Data records
--- START ---

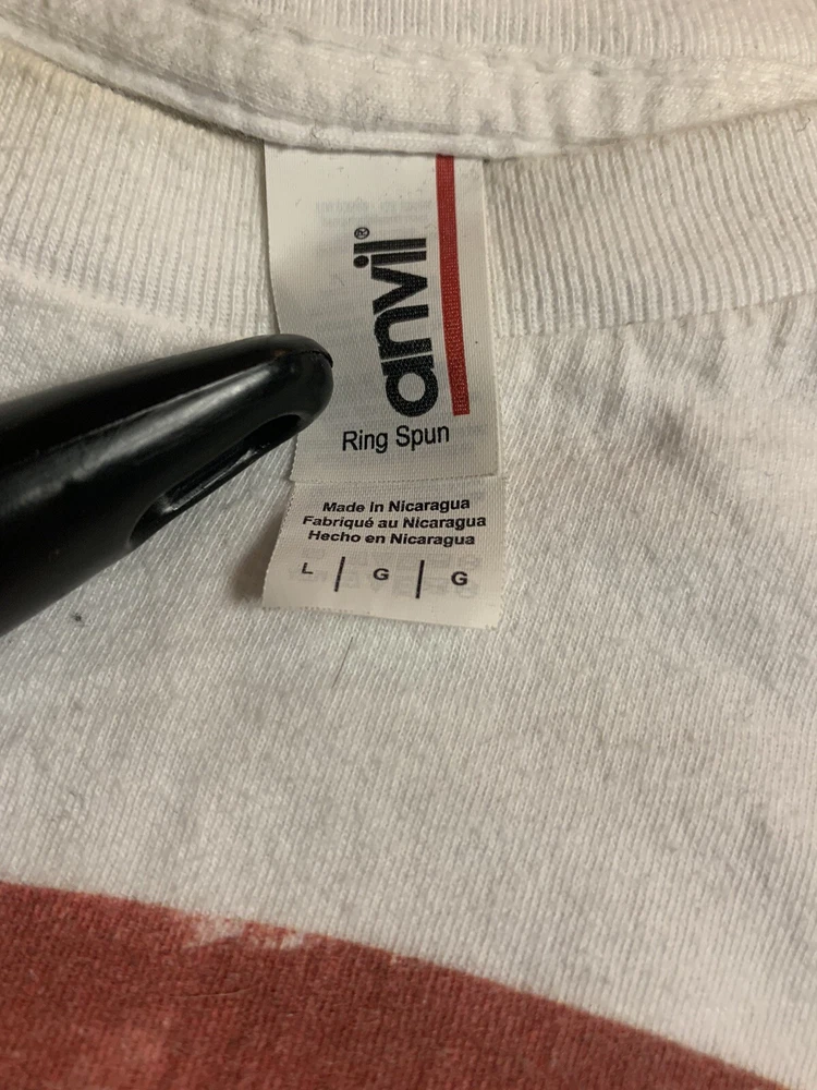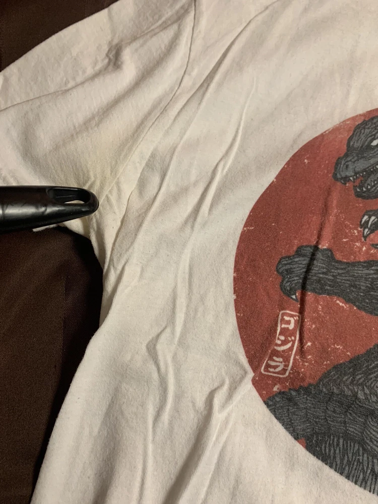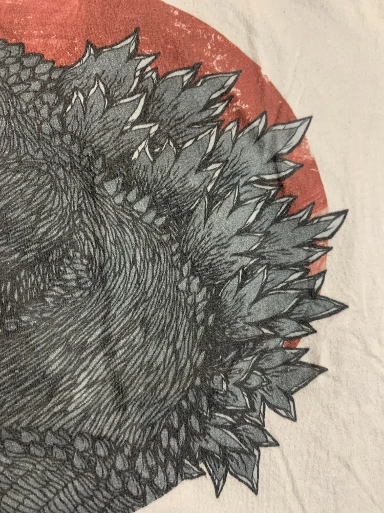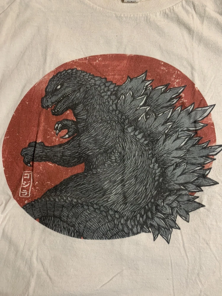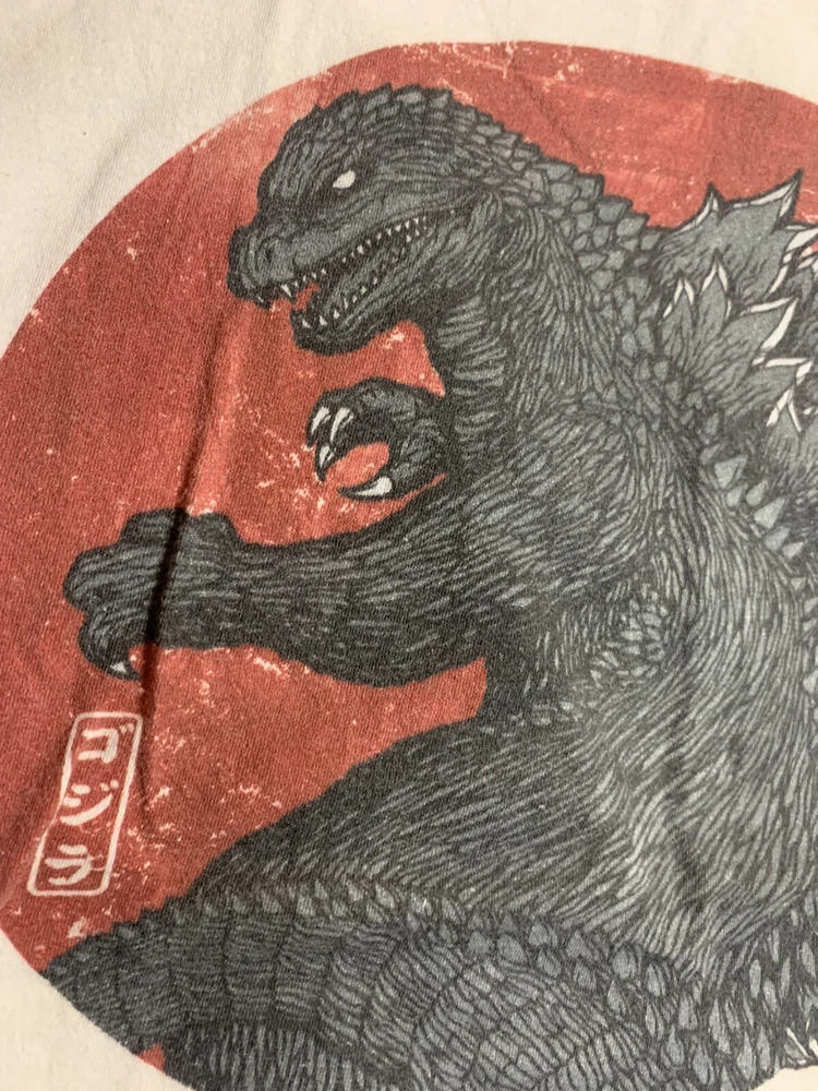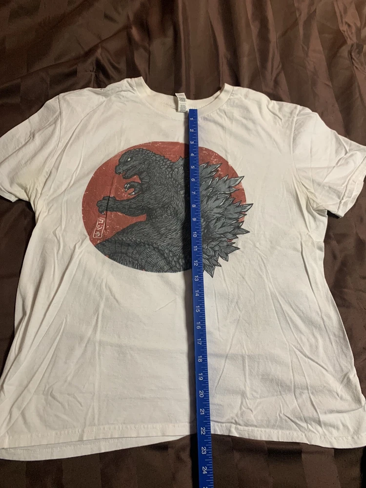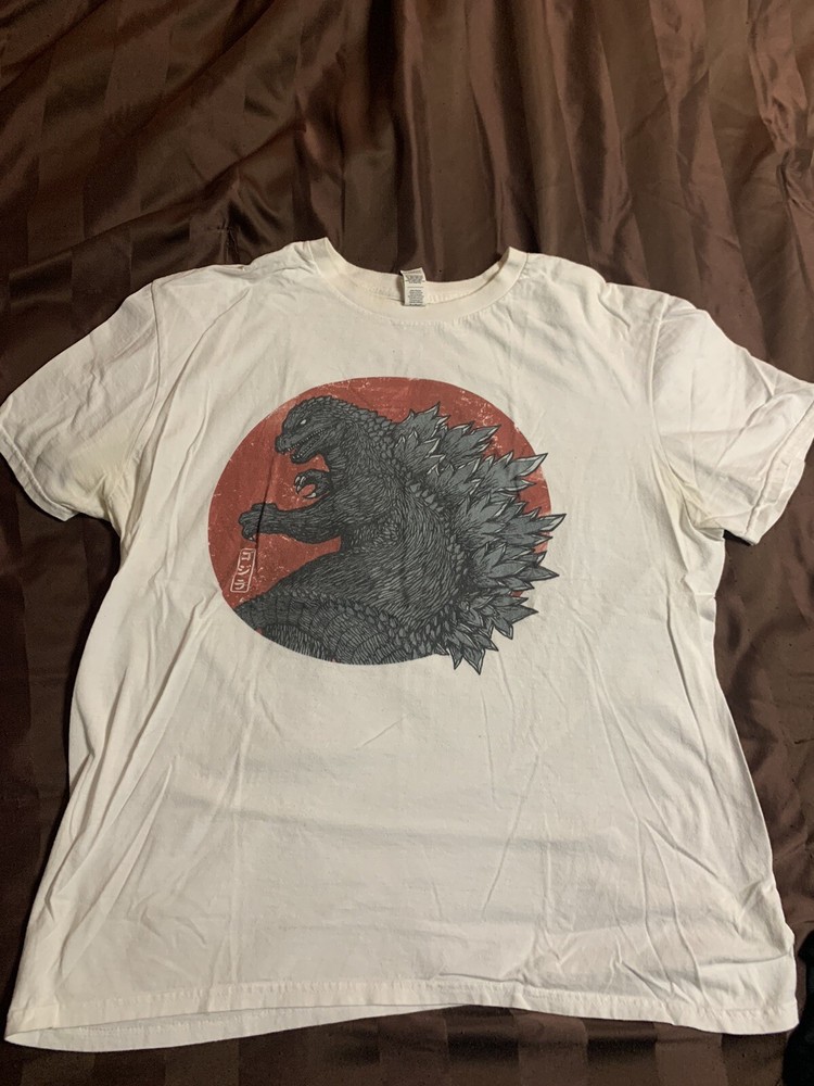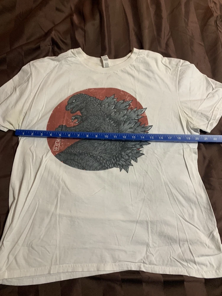 WHITE Godzilla T-Shirt Size Large Monster Movie Universal Lizard Japan Horror. Cool older Godzilla shirt White has faded a bit. And some yellowing (see pics as I have pointed this out) See pics for exact size details See my other rare T-shirts for sale
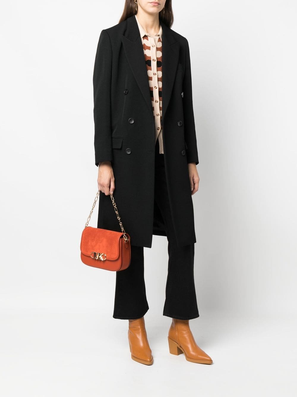 pumpkin orange leather gold-tone logo plaque foldover top with press-stud fastening chain-link shoulder strap detachable shoulder strap
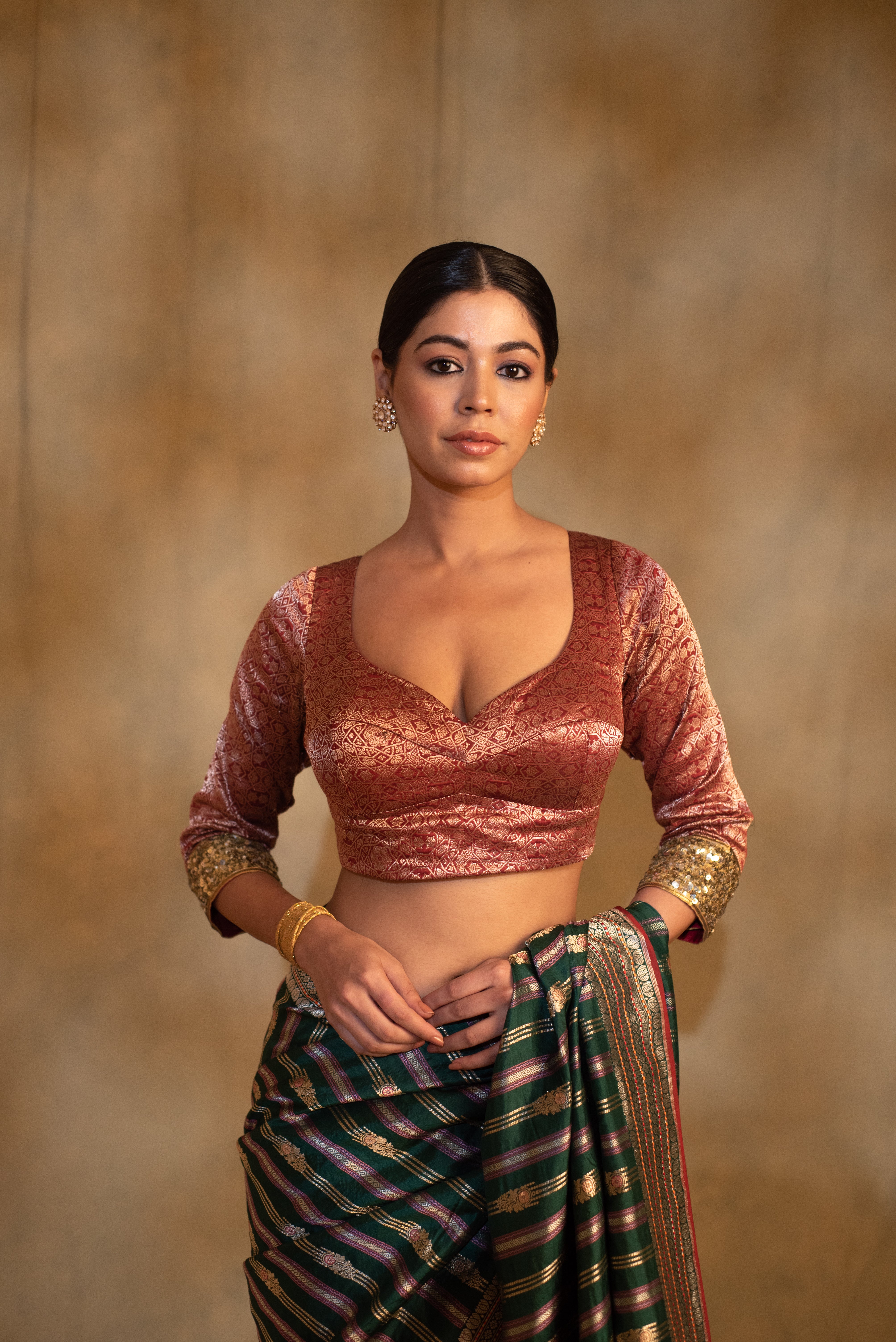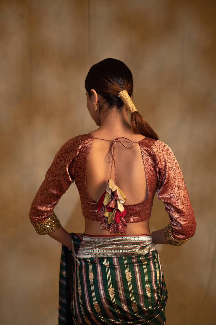 Red silk brocade blouse with hand embroidered sequin zardozi border and kiran highlights on sleeves.
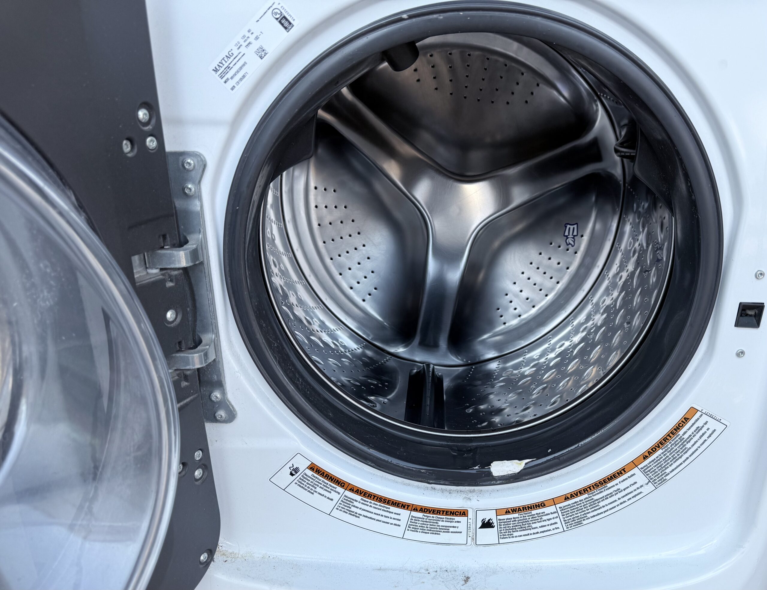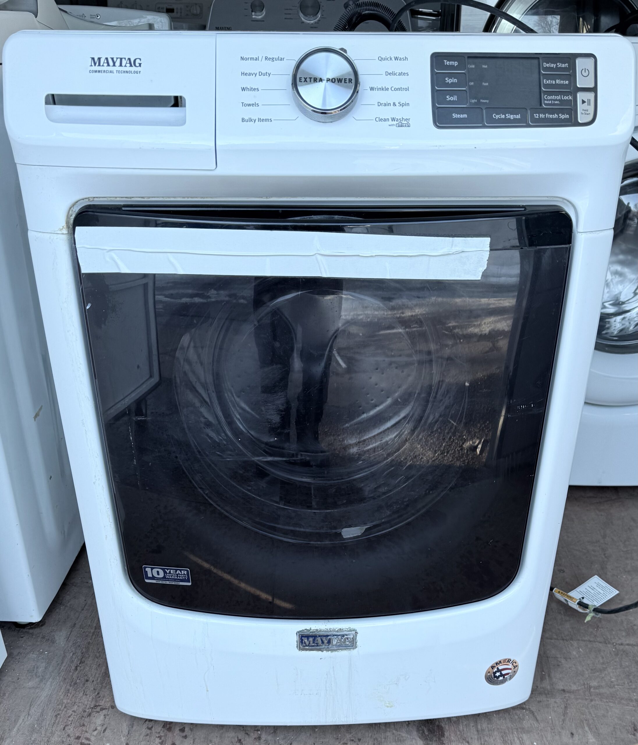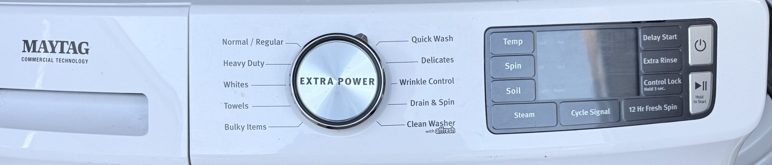 Modern Maytag front-load washer with strong cleaning performance and quiet operation. This is a newer high-efficiency model with the Extra Power wash system and steam cleaning.
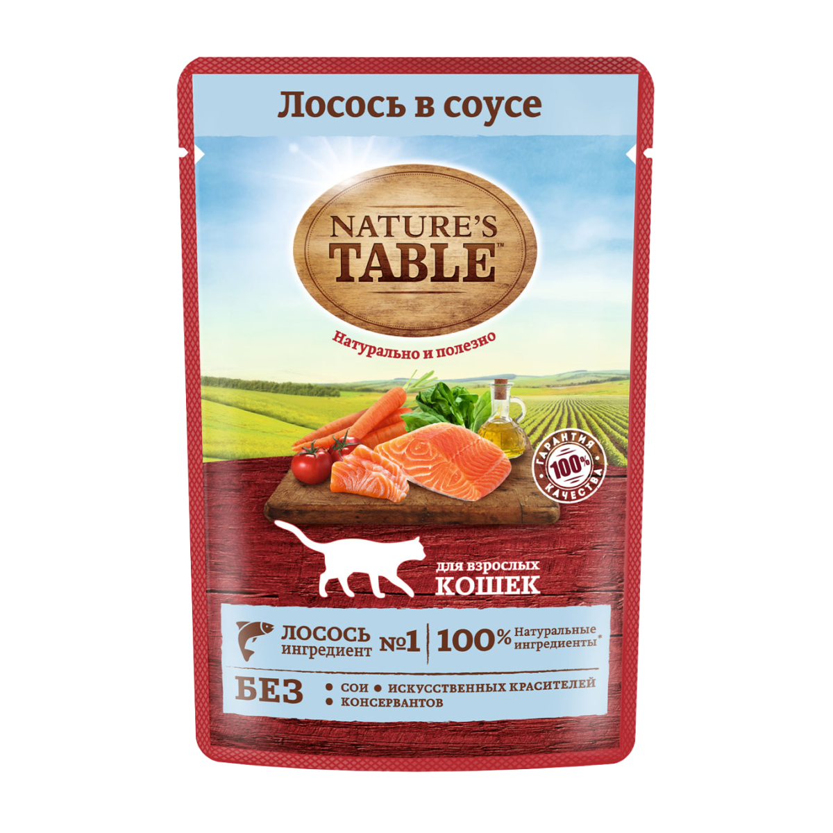 —Корм Нэчуралс Табл для кошек Лосось Соус 85гр
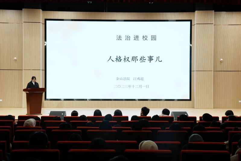 特邀普法专家金山法院江彧超做普法讲座《人格那点事》。江警官结合一个个具体的真实案例,以案释法,以法论事,向大家介绍了较为重要的人格权:隐私权、性骚扰,个人信息保护、人生安全保护令、PUA。同时系统地讲述了面对财产或人格损失时应当正确维护自己的权益。她用通俗易懂的语言,为大家讲解法律知识,帮助同学们更好地理解法律条文和案例。最后江警官表示,希望大家做一个遵纪守法的好公民。
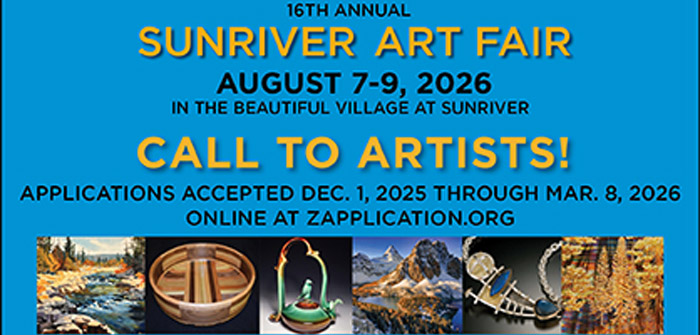 If you are an artist or know someone who would like to exhibit, now is the time to get your application ready. Applications are accepted online only at zapplication.org. Please visit sunriverartfair.org or email us at artistliaison@sunriverartfair.org for more information.
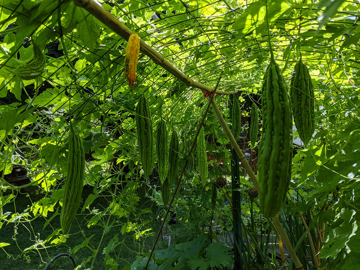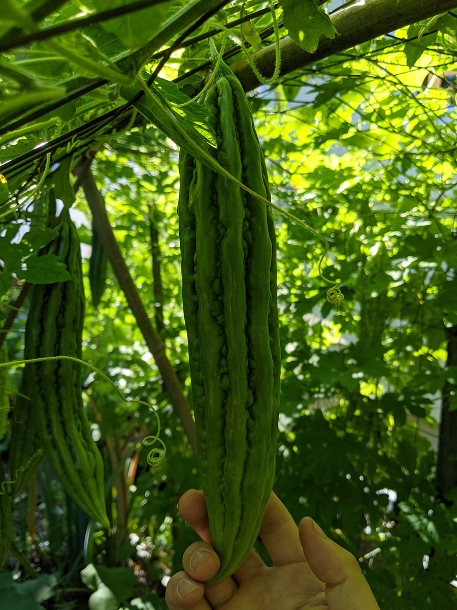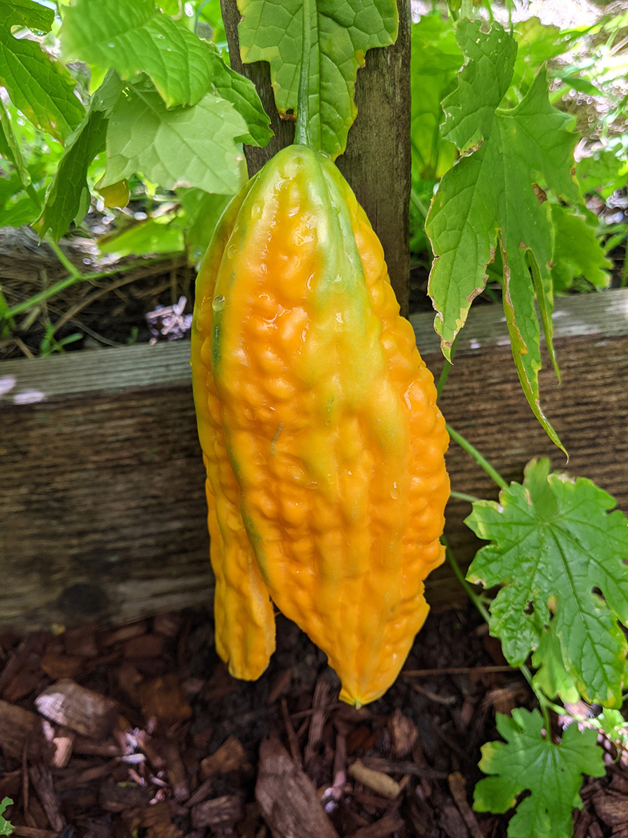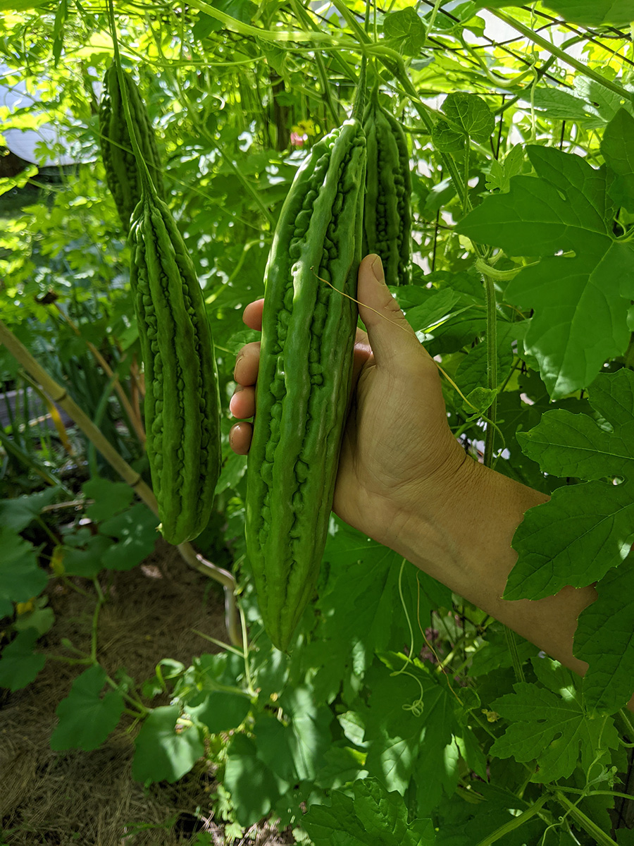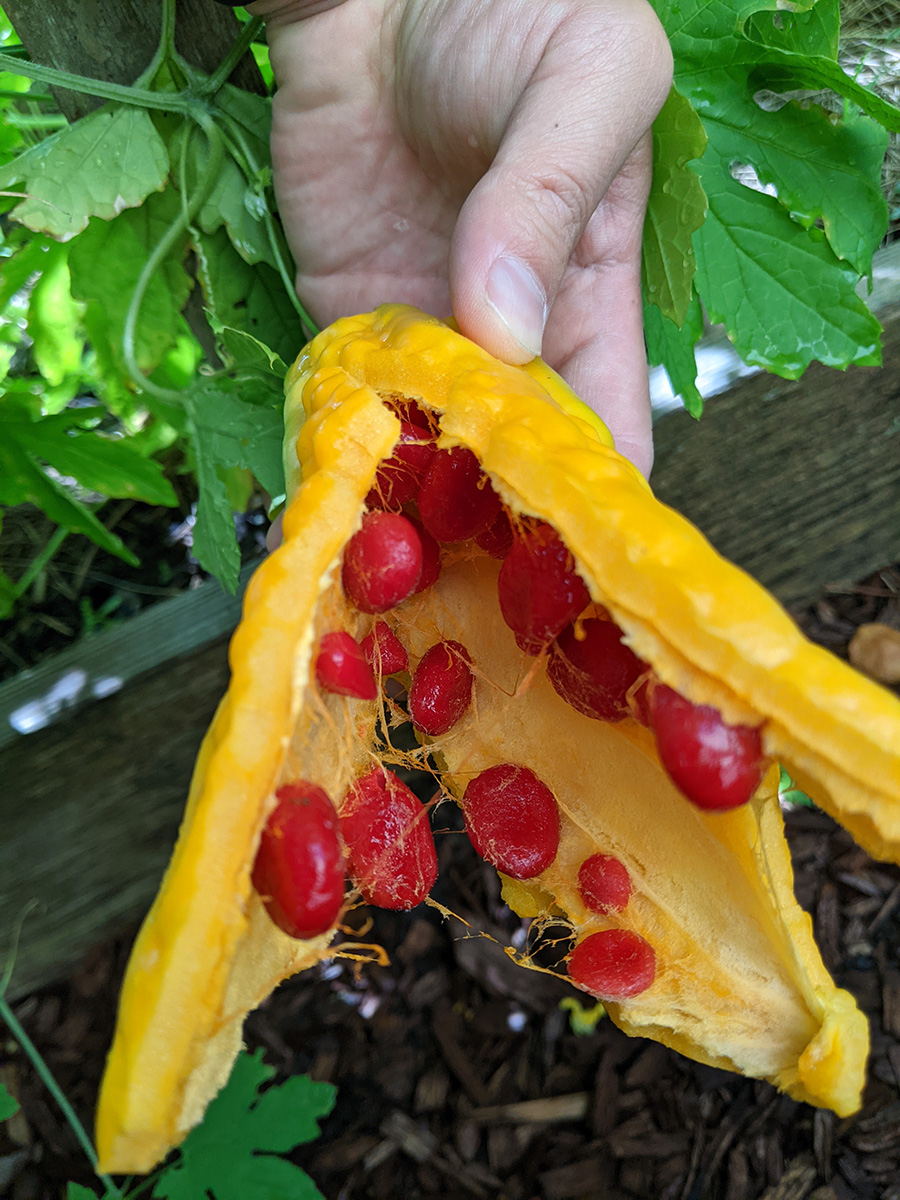 first thing i did when i got to my parents' place was to take a quick peek outside. i saw it right away: a ripe bitter melon, its orange skin split open with bright red seeds inside. despite it being so ostentatious, it went unnoticed by my parents because it was growing low to the ground behind the raised bed. we picked it off the vine to harvest the seeds.

--- END ---

How to complete this task
Exactly as written above, retype the lines starting at the one holding "Red silk brocade" and ending at the one holding "If you are an", both included, but not the pictures.

The answer
 Red silk brocade blouse with hand embroidered sequin zardozi border and kiran highlights on sleeves.
 Modern Maytag front-load washer with strong cleaning performance and quiet operation. This is a newer high-efficiency model with the Extra Power wash system and steam cleaning.
 —Корм Нэчуралс Табл для кошек Лосось Соус 85гр
 特邀普法专家金山法院江彧超做普法讲座《人格那点事》。江警官结合一个个具体的真实案例,以案释法,以法论事,向大家介绍了较为重要的人格权:隐私权、性骚扰,个人信息保护、人生安全保护令、PUA。同时系统地讲述了面对财产或人格损失时应当正确维护自己的权益。她用通俗易懂的语言,为大家讲解法律知识,帮助同学们更好地理解法律条文和案例。最后江警官表示,希望大家做一个遵纪守法的好公民。
 If you are an artist or know someone who would like to exhibit, now is the time to get your application ready. Applications are accepted online only at zapplication.org. Please visit sunriverartfair.org or email us at artistliaison@sunriverartfair.org for more information.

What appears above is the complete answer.